SEMAS

Secretaria Municipal de Assistência Social

Gestão fiscal, tributária e financeira para uma cidade mais eficiente.

04/11/2013 - Social
Assistência Social: a interação com as comunidades
Entidades parceiras apresentaram serviços e discutiram soluções para os problemas da população

foto/divulgação: Divulgação

Os encontros ocorrem na terceira sexta-feira de cada mês

Visando a levar mais informações à população sobre os serviços prestados, a Secretaria Municipal de Assistência Social tem promovido desde abril encontros com a comunidade do Norte da Ilha. Os servidores da rede socioassistencial pública, privada e da rede setorial de outras políticas estão fazendo uma troca de experiências entre eles, buscando soluções para os problemas comuns na localidade.

Para Marliange da Silva Pereira, diretora da Proteção Básica, esta articulação é primordial para a construção de ações práticas na execução. "Os encontros trazem muitas informações e a busca pelo melhor atendimento à população”, explicou.

Inicialmente foi enfatizada a importância de construir um fluxo de informações e trazer a discussão sobre o território de atuação. Nos encontros foram apresentadas diversas entidades que prestam atendimento no Norte da Ilha, além dos serviços da Prefeitura.

Alguma das entidades e serviços apresentados foram: ASAS (Associação Social Amigos Solidários); IGK (Instituto Guga Kuerten); CEC (Centro de Educação Complementar) Vila União e Monte Verde; NASF (Núcleo de Apoio a Saúde da Família) e UPA (Unidade de Pronto Atendimento) Norte, CEUF (Centro Espírita União Fraterna), Associação de Moradores da Vargem Grande; Ação Social Paroquial dos Ingleses; CAPs AD, LA/PSC, PAEFI, Creches Franklin Cascaes e Doralice Teodoro Bastos, Seara Espírita Entreposto da Fé e Associação Catarinense para Integração do Cego (ACIC).

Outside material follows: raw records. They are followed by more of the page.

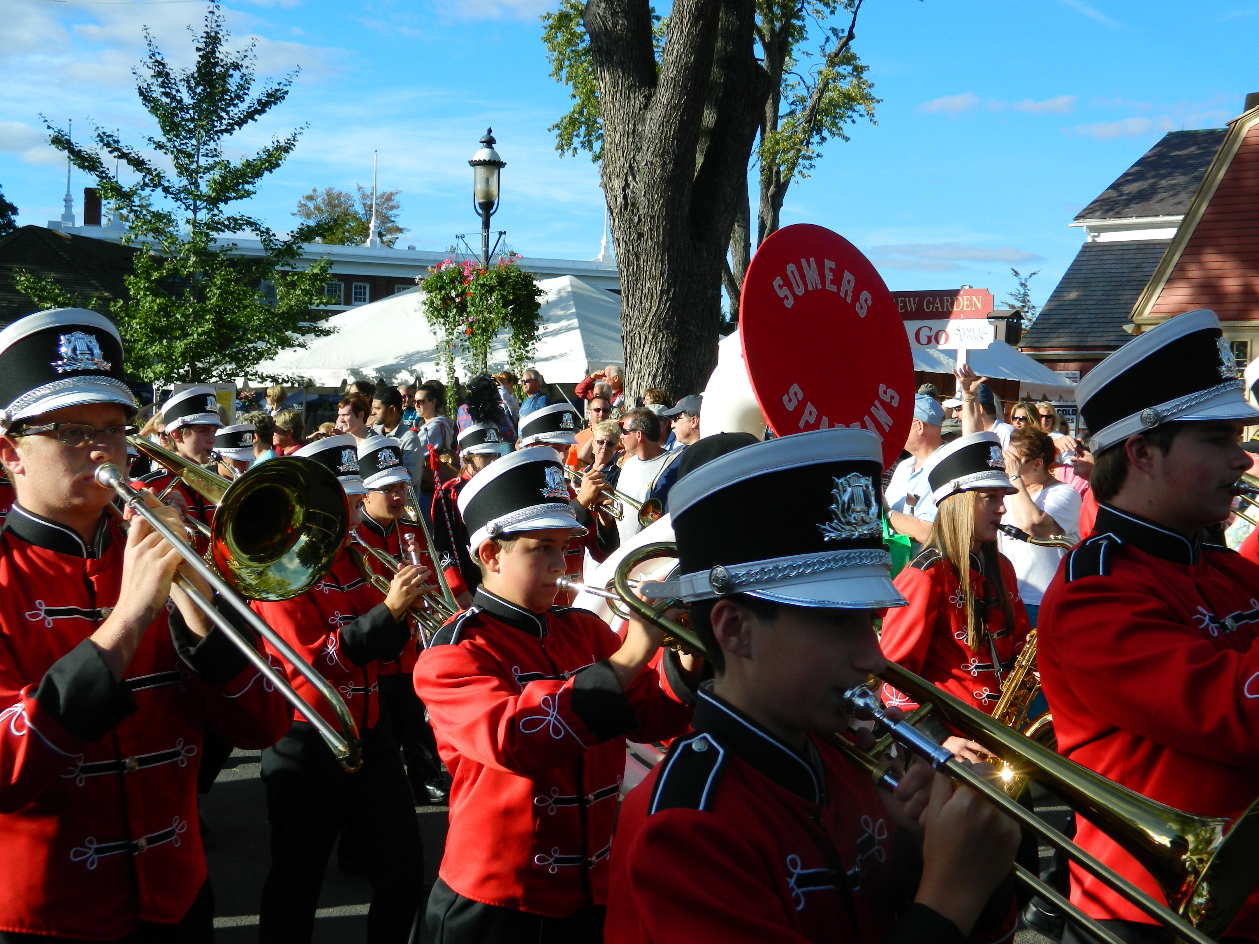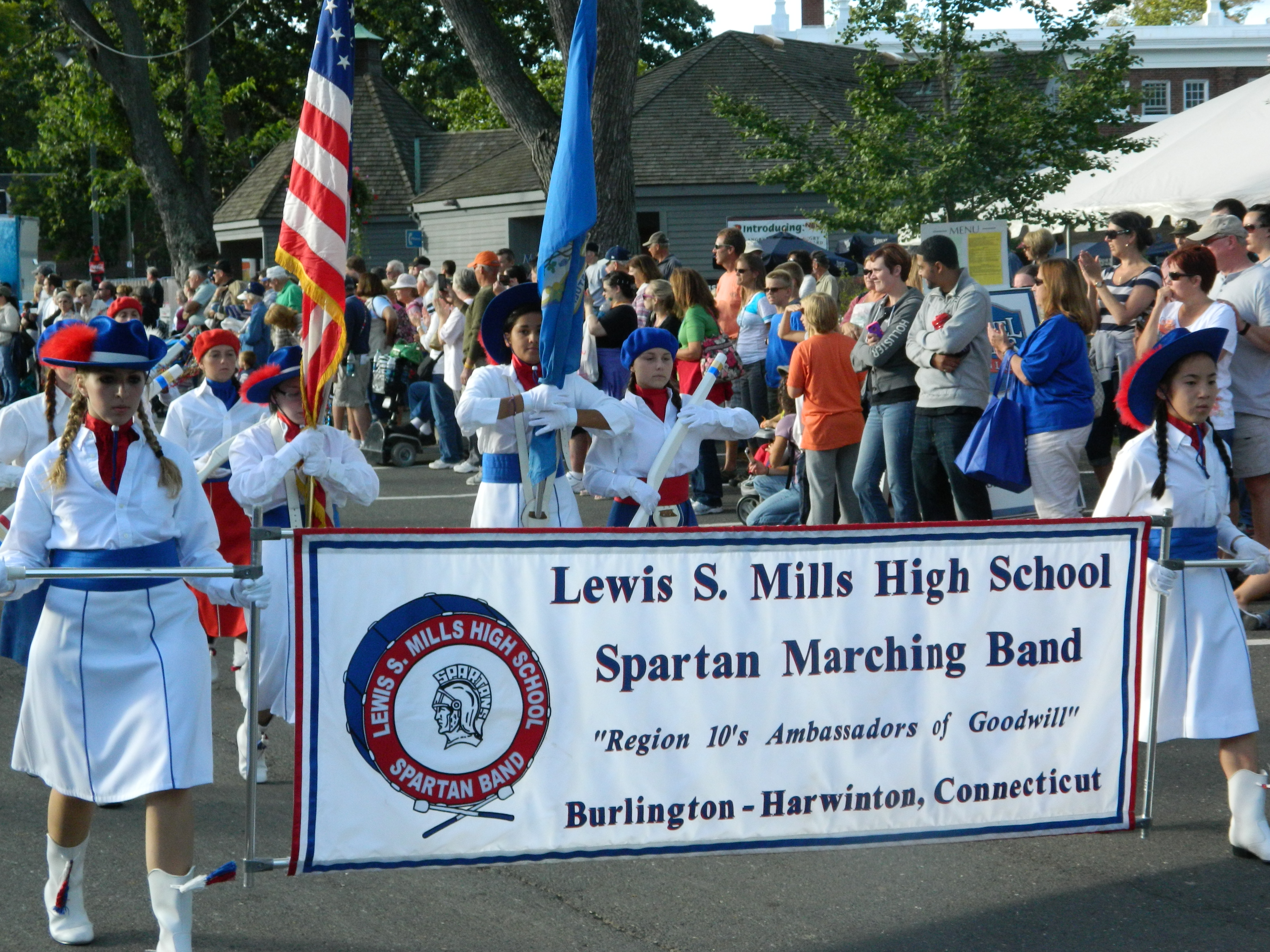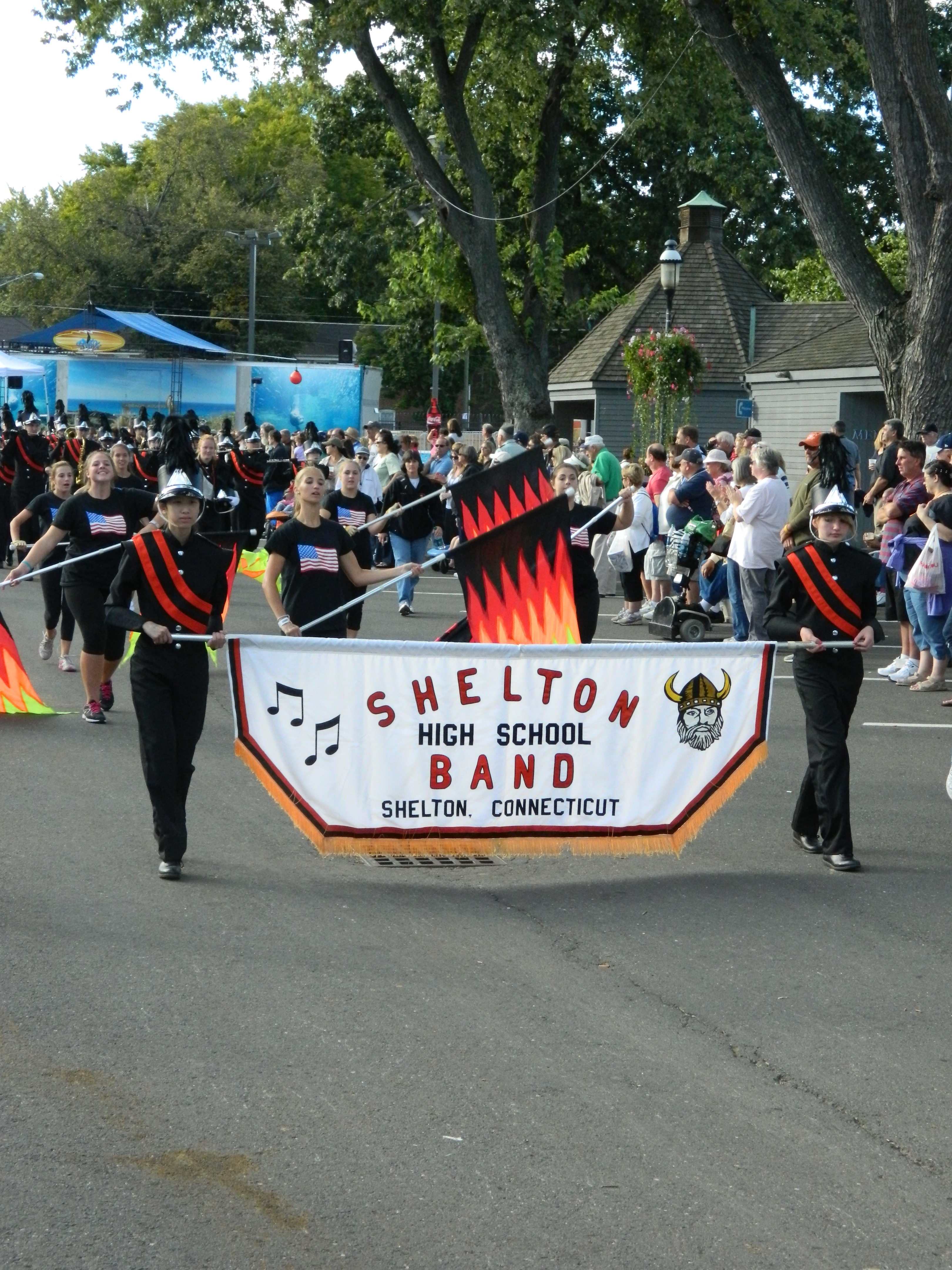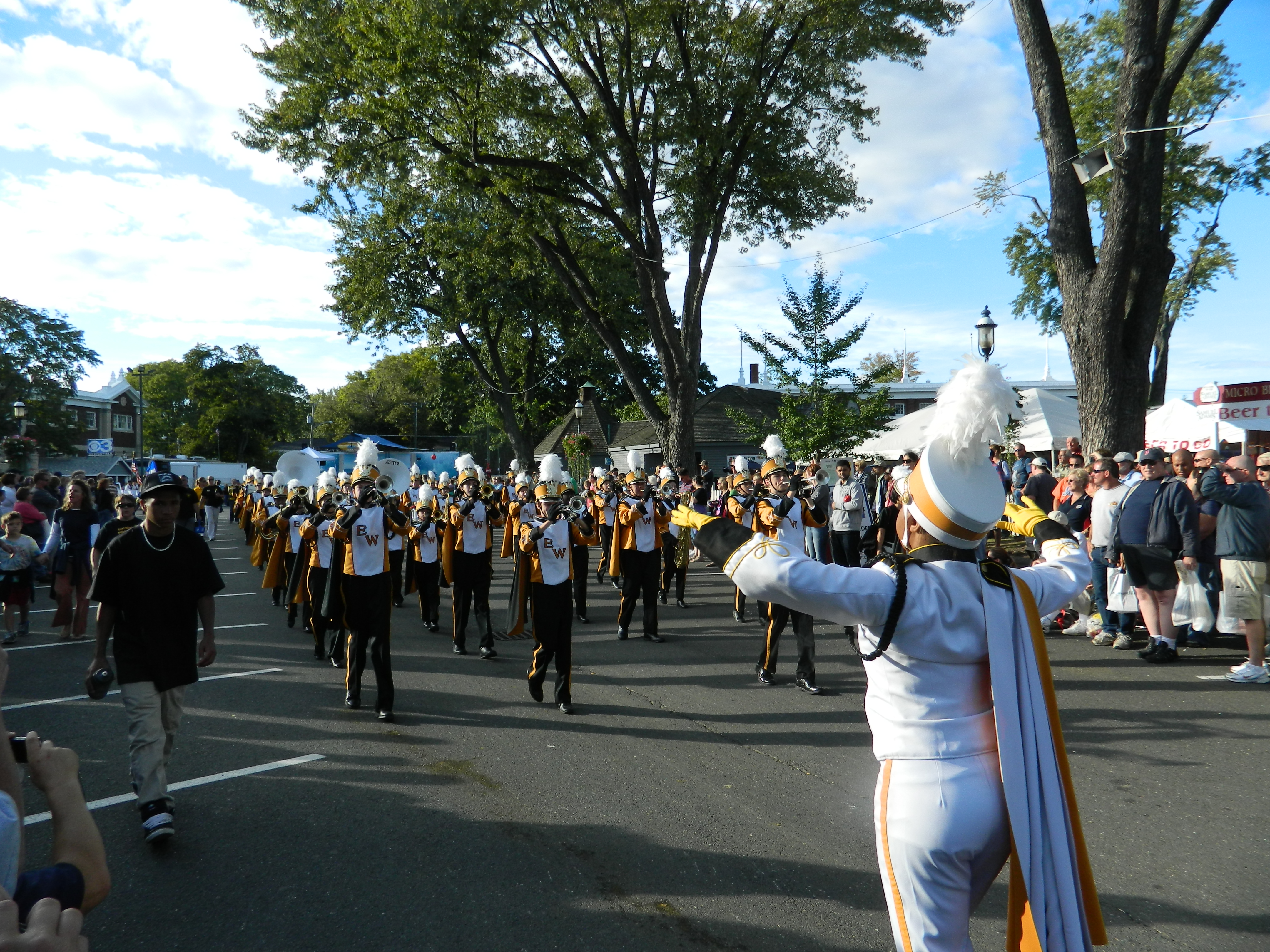 Led off by Wyman, also taking part were the Connecticut National Guard Color Guard, the 2012 Junior League Connecticut Champions, the Connecticut State Police, a CT National Guard monster truck, antique car club, South Windsor Kennel Club, Ms. Senior Connecticut , businesses such as Guida Dairy and Clydesdale horse-drawn wagons. High school marching bands turned out from across the state – Bethel High, Cromwell, East Hartford, East Haven, East Windsor, Ellington High, Hartford Magnet, Lewis S. Mills, Portland, Shelton and Somers along with the U.S Coast Guard Band. Judging from the smiles and applause from viewers, the parade did not disappoint.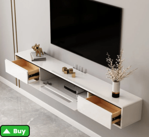 Floating Media Console Shelves: Shelves with built-in drawers for hidden storage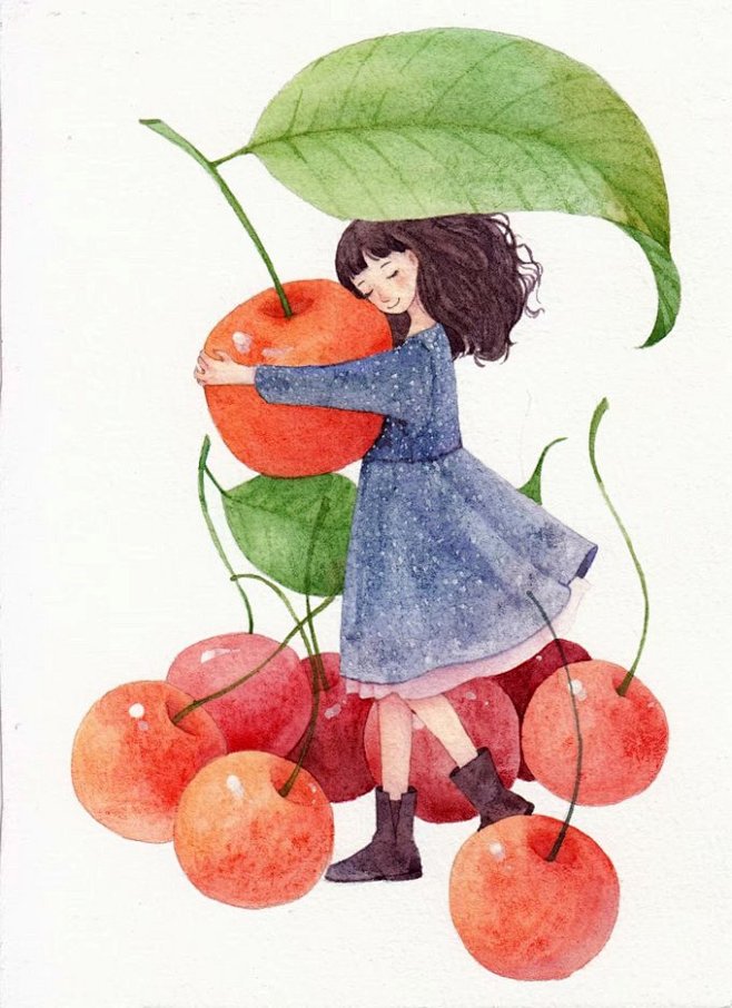 插画家园-插画家园水彩时光-插画家园一组爱水果的小人儿-插画家园

Segundo Marliange, a apresentação das creches teve grande destaque, em vista do problema da falta de vagas. “Os participantes ficaram muito satisfeitos pelas informações dadas sobre portarias, legislações que determinam quantidade de crianças em sala, os cuidados prestados por esses profissionais, bem como o comprometimento com a qualidade do atendimento às crianças”, disse a diretora.

Em uma segunda etapa, a intenção é o estabelecimento de estudos de caso de famílias que estão sendo atendidas, tanto por unidades estatais, como por ONGS e estabelecimento de fluxos de atendimento. Os encontros são mensais e ocorrem na terceira sexta-feira de cada mês nos espaços disponibilizados pelos integrantes da rede.